> Provided records
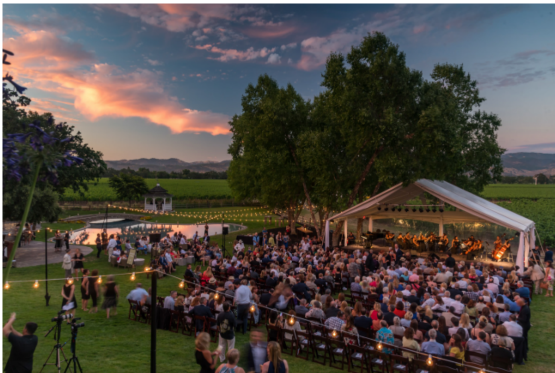
Joshua Bell, "Seasons of Cuba" at Far Niente

Published: July 27, 2017, 1:46 pm | Updated: July 27, 2017, 4:39 pm
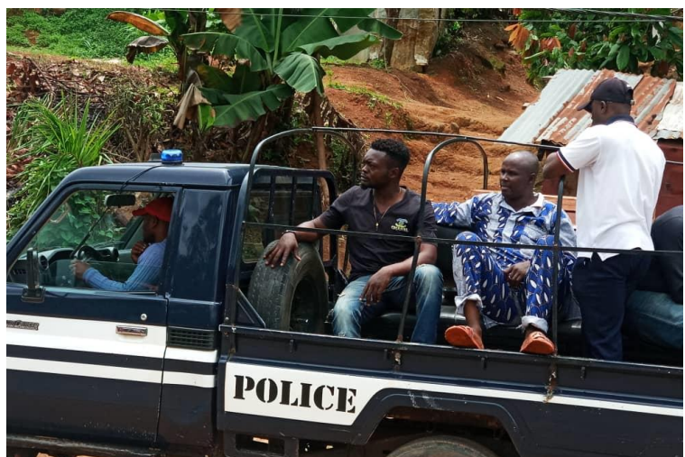
Two parrot traffickers fished out from their hideout and arrested
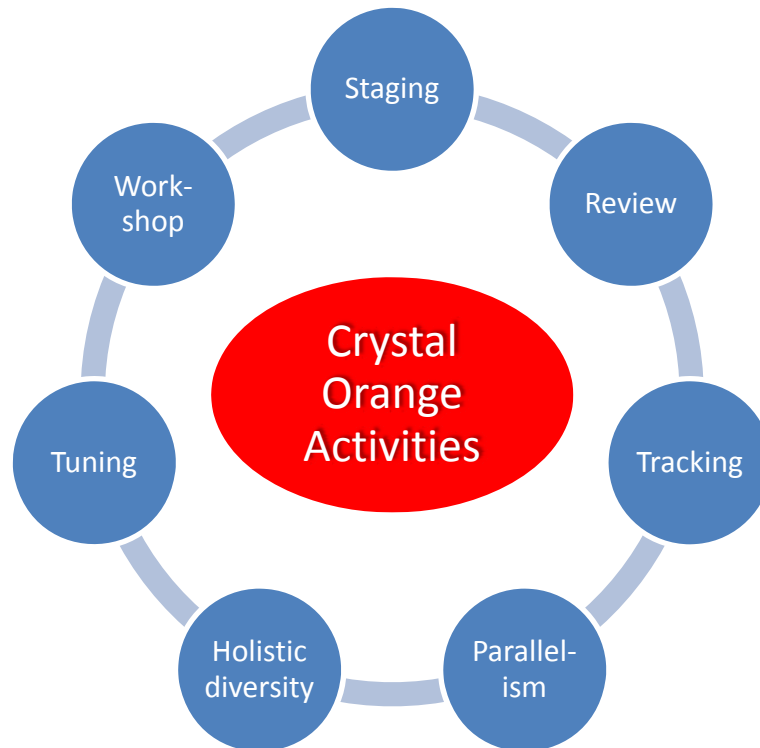
Figure 2: Crystal Orange Activities

A Crystal Orange increment includes activities, such as staging, monitoring, reviewing, parallelism, holistic diversity strategy, methodology tuning, and reflection workshop. These are illustrated in figure2.
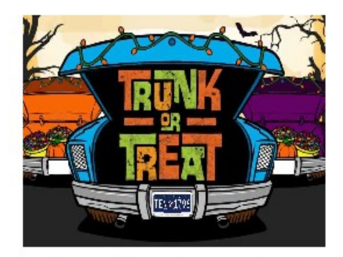
First United Methodist Church 993 Market Street Dayton, TN 37321 October 25, 6:00 – 8:00pm
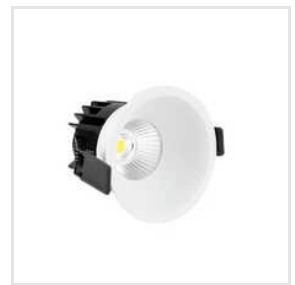
Indoor Deep COB Light
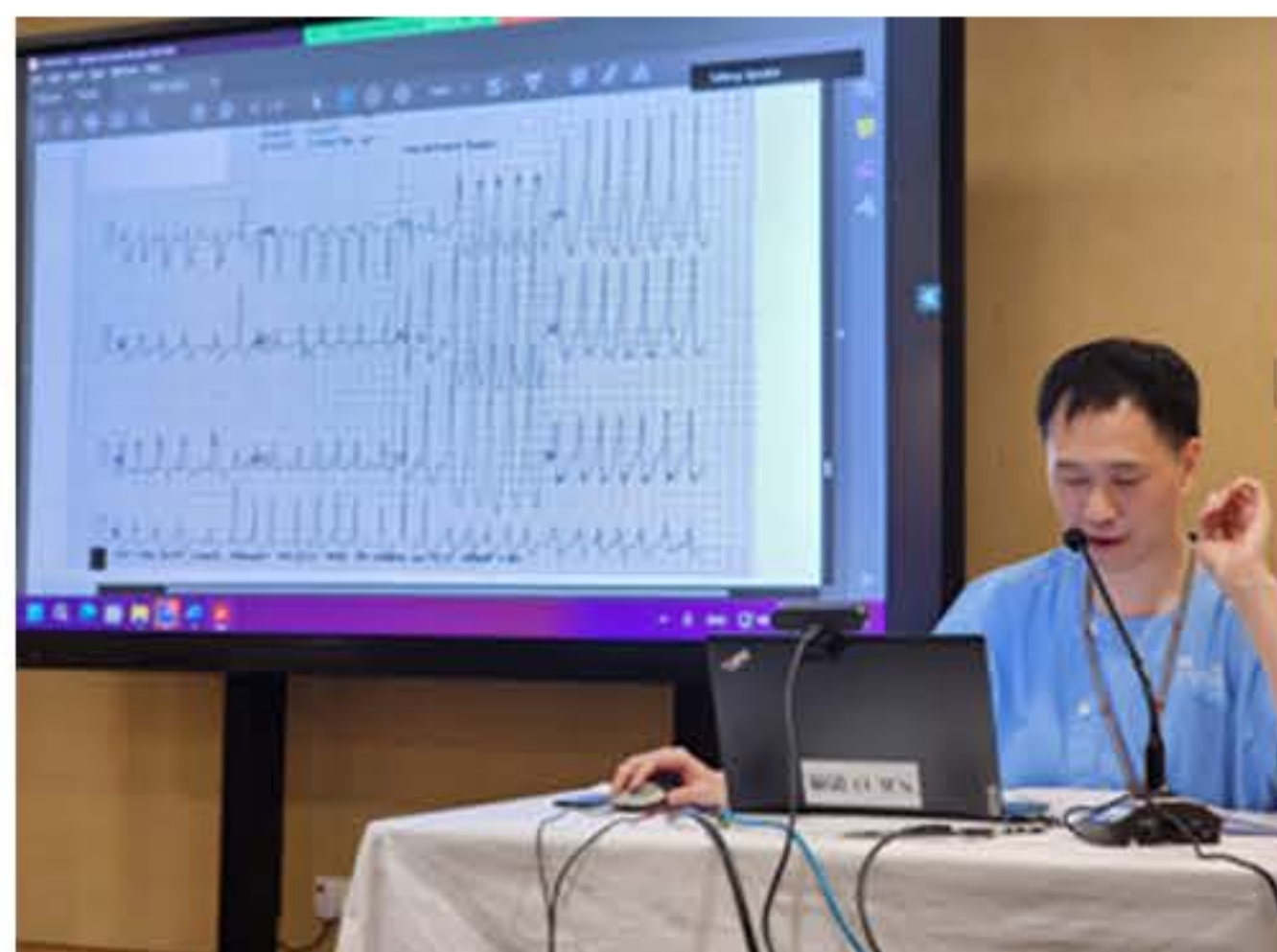
Discussion on OSCE by AED, PMH
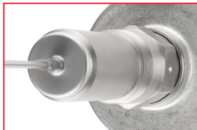
Sensitivity of the vibrating paddle can be set in three levels
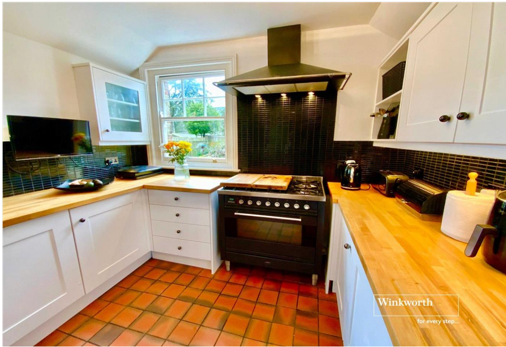
Winkworth for every step...
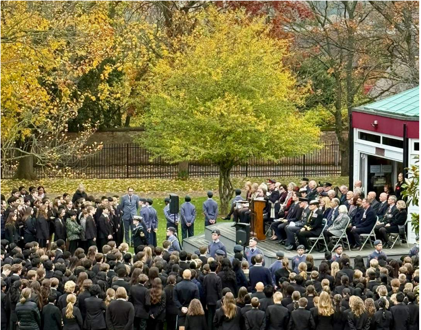
The whole school assembled on the front lawn

On Friday, 7th November, we held our annual Remembrance Day service, with all students and staff gathering on the front lawn of the school, next to the Green Room stage.
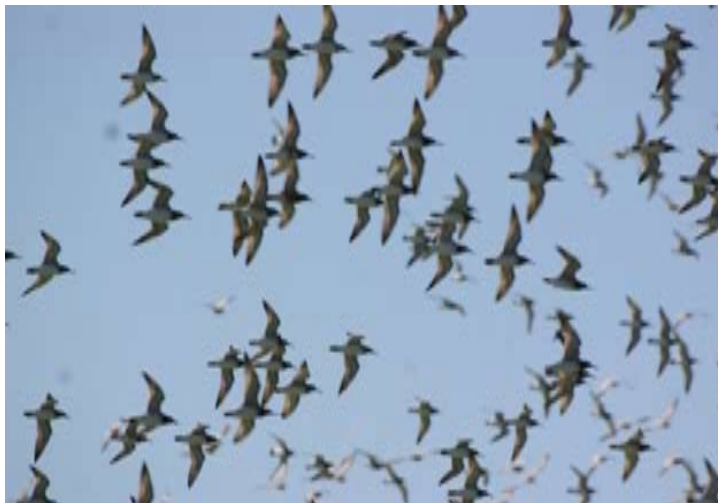
Flock of great knots in flight.
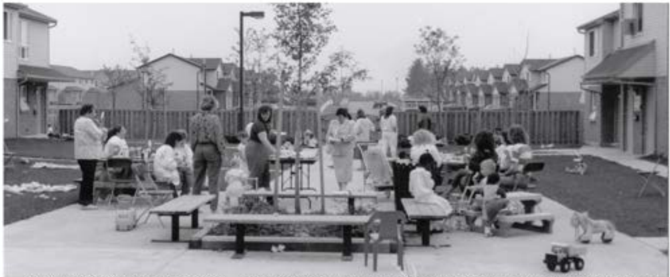
Staff and Resident Spring BBQ – circa 1990 (includes participants of Pre-Employment Training Program now known as WERC)
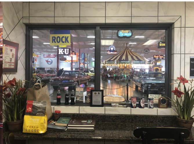
By invitation only to a huge private museum owned by Ray Skillman a mega car dealer in Indy
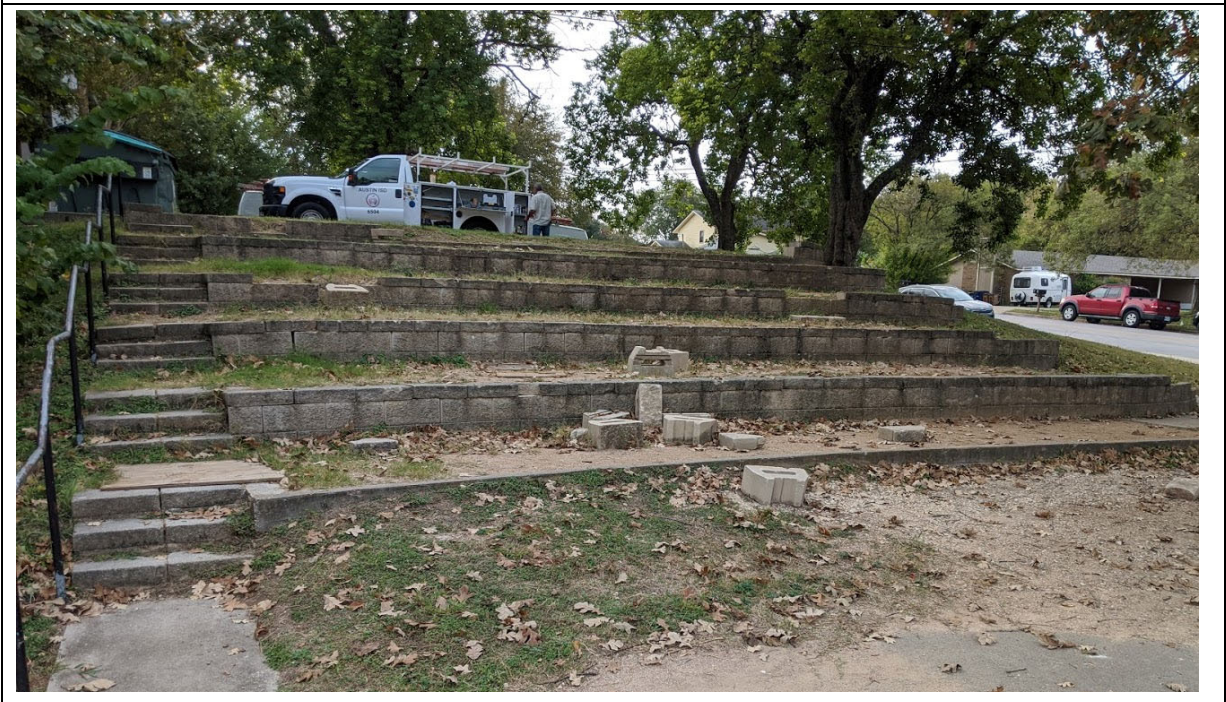
Outdoor Learning - Existing outdoor theater needs maintenance and is close to the street

> Exercise description
Skipping every picture, reproduce the records word for word.

> Solution for this exercise
Joshua Bell, "Seasons of Cuba" at Far Niente

Published: July 27, 2017, 1:46 pm | Updated: July 27, 2017, 4:39 pm
Two parrot traffickers fished out from their hideout and arrested
Figure 2: Crystal Orange Activities

A Crystal Orange increment includes activities, such as staging, monitoring, reviewing, parallelism, holistic diversity strategy, methodology tuning, and reflection workshop. These are illustrated in figure2.
First United Methodist Church 993 Market Street Dayton, TN 37321 October 25, 6:00 – 8:00pm
Indoor Deep COB Light
Discussion on OSCE by AED, PMH
Sensitivity of the vibrating paddle can be set in three levels
Winkworth for every step...
The whole school assembled on the front lawn

On Friday, 7th November, we held our annual Remembrance Day service, with all students and staff gathering on the front lawn of the school, next to the Green Room stage.
Flock of great knots in flight.
Staff and Resident Spring BBQ – circa 1990 (includes participants of Pre-Employment Training Program now known as WERC)
By invitation only to a huge private museum owned by Ray Skillman a mega car dealer in Indy
Outdoor Learning - Existing outdoor theater needs maintenance and is close to the street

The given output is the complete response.